Hint: you might want to build a dictionary that maps from a collection of letters to a list of words that can be spelled with those letters. The question is: how can you represent the collection of letters in a way that can be used as a key?

3. Modify the previous program so that it prints the longest list of anagrams first, followed by the second longest, and so on.

4. (Optional)Here’s another Car Talk Puzzler:

What is the longest English word, that remains a valid English word, as you remove its letters one at a time?

Now, letters can be removed from either end, or the middle, but you can’t rearrange any of the letters. Every time you drop a letter, you wind up with another English word. If you do that, you’re eventually going to wind up with one letter and that too is going to be an English word—one that’s found in the dictionary. I want to know what’s the longest word and how many letters does it have?
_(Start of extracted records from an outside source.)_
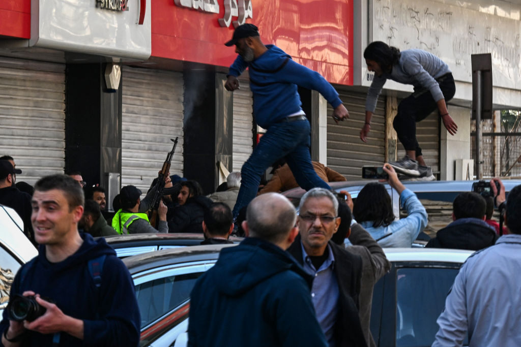 A gunman fires shots in the air to disperse clashing protesters from a rally called for by Syrian activists and civil society representatives “to mourn for the civilian and security personnel casualties”, and others from a counter-demonstration at al-Marjeh square in Damascus on March 9, 2025. (AFP via Getty Images)
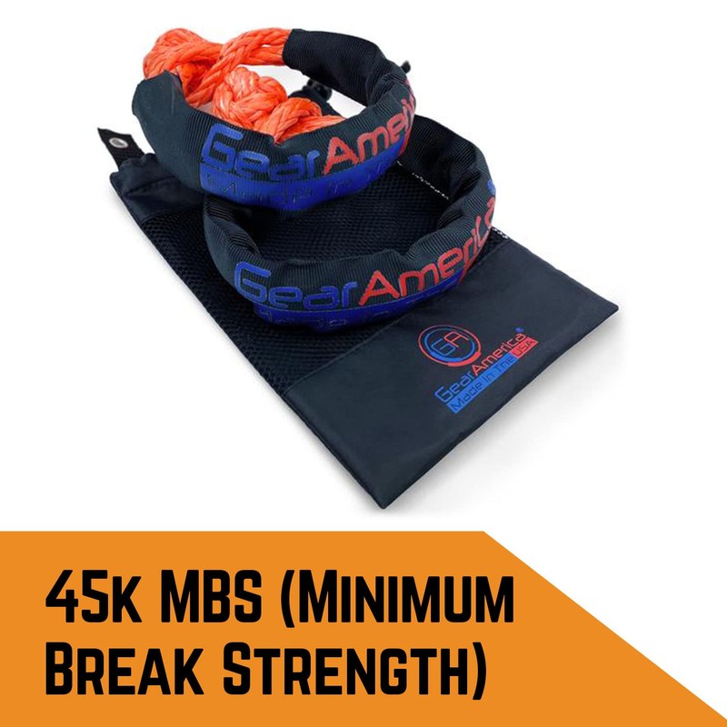GearAmerica Synthetic Soft Shackles 1/2” Orange – Made in The USA – 45,000 lbs (22.5 US Tons) Strength – Off-Road Recovery, Towing & More – Stronger Than Steel D Rings – Bag Included 2PK
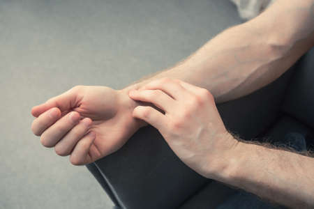 Man scratch oneself, dry flaky skin on hand with psoriasis vulgaris, eczema and other skin conditions like fungus, plaque, rash and patches.
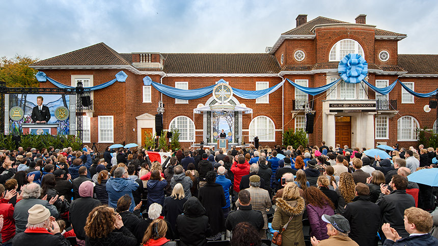Und genau in diesem Geist verkündete David Miscavige, das kirchliche Oberhaupt der Scientology Religion: „Wenn dieses Einweihungsband fällt, hebt sich ein Vorhang ... und so wird es die Verantwortung jedes Scientologen sein, Englands ,Salz der Erde‘ Auftrieb zu verleihen und dadurch eine industrielle Revolution in ein Erwachen des Geistes umzuwandeln.“
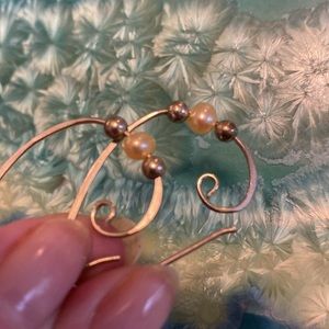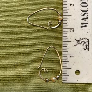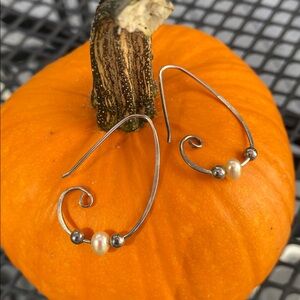 Handmade Silver Possibly Sterling Wire Earrings With Pearls. I’m unsure if the pearls are real or not. I purchased these from a craft fair and have a hard time getting them through my pierced ear holes. They are too thick for my pierced ears. These are used and are handmade so they aren’t perfect including scratches and other signs of wear. There may be other imperfections. Measurements are approximate and colors may be off because of lighting. Bundle with other items from my closet and only pay 1 shipping fee up to 5 lbs packaged.
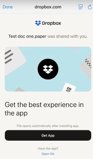 I don’t know if anyone cares, but using web access to Paper on my iPhone 16, I get an odd problem. If I click on a link I made to different Paper doc, I sometimes get sent to a page that says: "this doc was shared." And it says: "Get the App.”
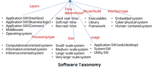 agile 수명주기 모델을 적용하여 개발을 하는 것은 매우 중요한 방향입니다. 그러나 SCRUM과 같은 agile 기반의 모델을 무조건 적용하는 것이 모든 문제를 해결하는 것은 아니라고 생각합니다. 소트프웨어의 종류는 바라보는 관점에 따라 다양합니다. 소프트웨어라도 다 같은 소프트웨어가 아니라는 의미입니다. 예를 들어 적용분야에 따라, 크기에 따라, 처리하는 업무에 따라 그 성격이 상이합니다. 즉 하나의 동일한 방법으로 모든 소프트웨어를 개발한다는 것은 무리가 있습니다. 그렇다고 아래 그림의 소프트웨어 분류마다 다른 방법을 적용하는 것도 어렵습니다.
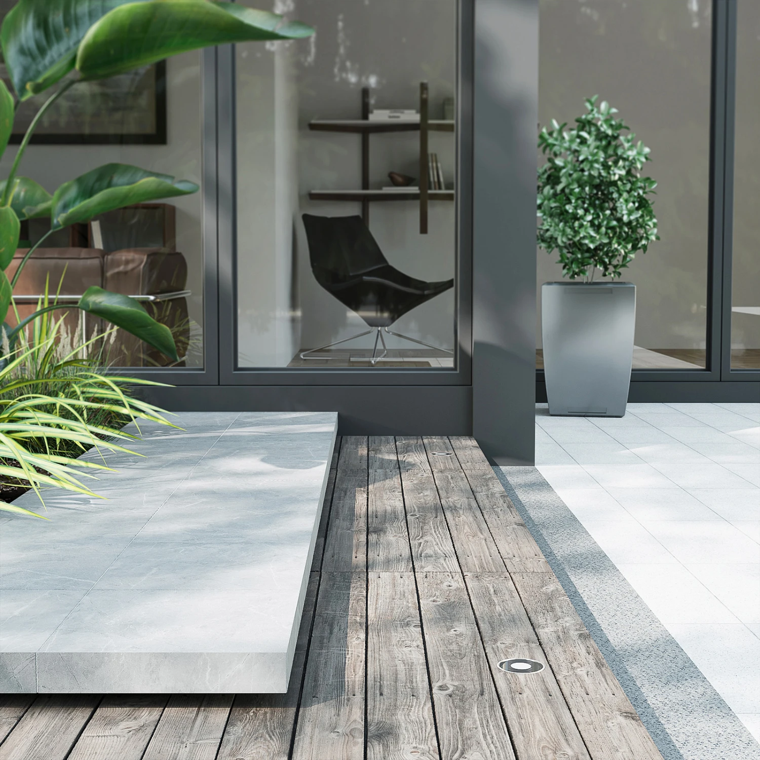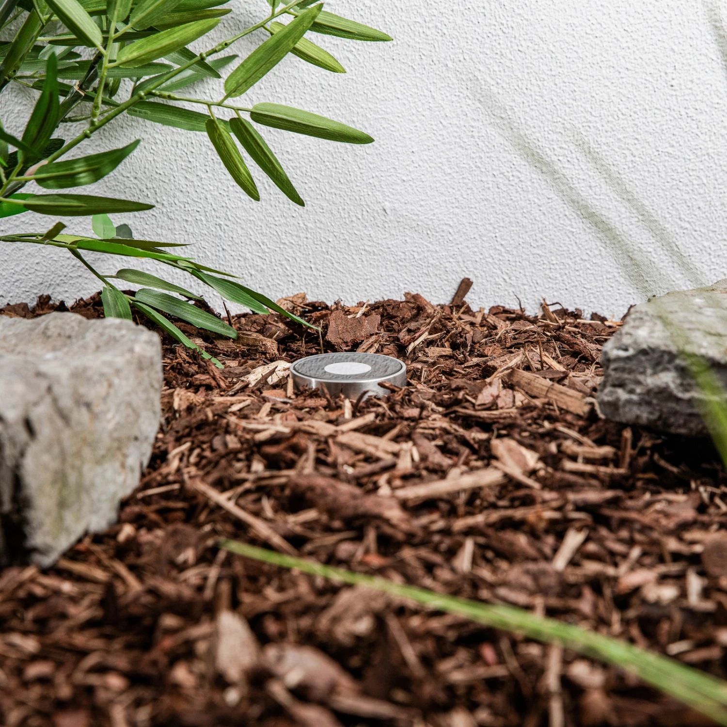 Kompakte LED-Bodeneinbauleuchte Gerrie aus schwarzem Aluminium Gerrie besteht aus schwarzem Aluminiumdruckguss und milchigem Glas, hinter dem festverbaute LEDs sitzen. Diese LEDs generieren eine warmweiße Beleuchtung, die ein attraktives Ambiente im Außenbereich generiert. Der Leuchtenkörper von Gerrie verschwindet fast komplett im Boden und eignet sich hervorragend für die Installation in einer Einfahrt. Das schlichte Design integriert sich mühelos in den Baustil eines Hauses und kombiniert man die LED-Bodeneinbaulampe Gerrie mit weiteren Leuchten ihrer Serie, so schafft man einen stimmigen Gesamteindruck. – Die Leuchte ist bis zu 5.000 kg befahrbar – Oberflächentemperatur max 48°C

I’m going to give you a little modest example:Sprite. Ok? You start off with sprite, you take a letter off, one from the interior of the word, take the r away, and we’re left with the word spite, then we take the e off the end, we’re left with spit, we take the s off, we’re left with pit, it, and I.

Write a program to find all words that can be reduced in this way, and then find the longest one. You can use the template reducible.py.

This exercise is a little more challenging than most, so here are some suggestions:

  1. You might want to write a function that takes a word and computes a list of all the words that can be formed by removing one letter. These are the “children” of the word.
  2. Recursively, a word is reducible if any of its children are reducible. As a base case, you can consider the empty string reducible.
  3. The wordlist I provided, words.txt, doesn’t contain single letter words. So you might want to add “I”, “a”, and the empty string.
  4. To improve the performance of your program, you might want to memoize the words that are known to be reducible.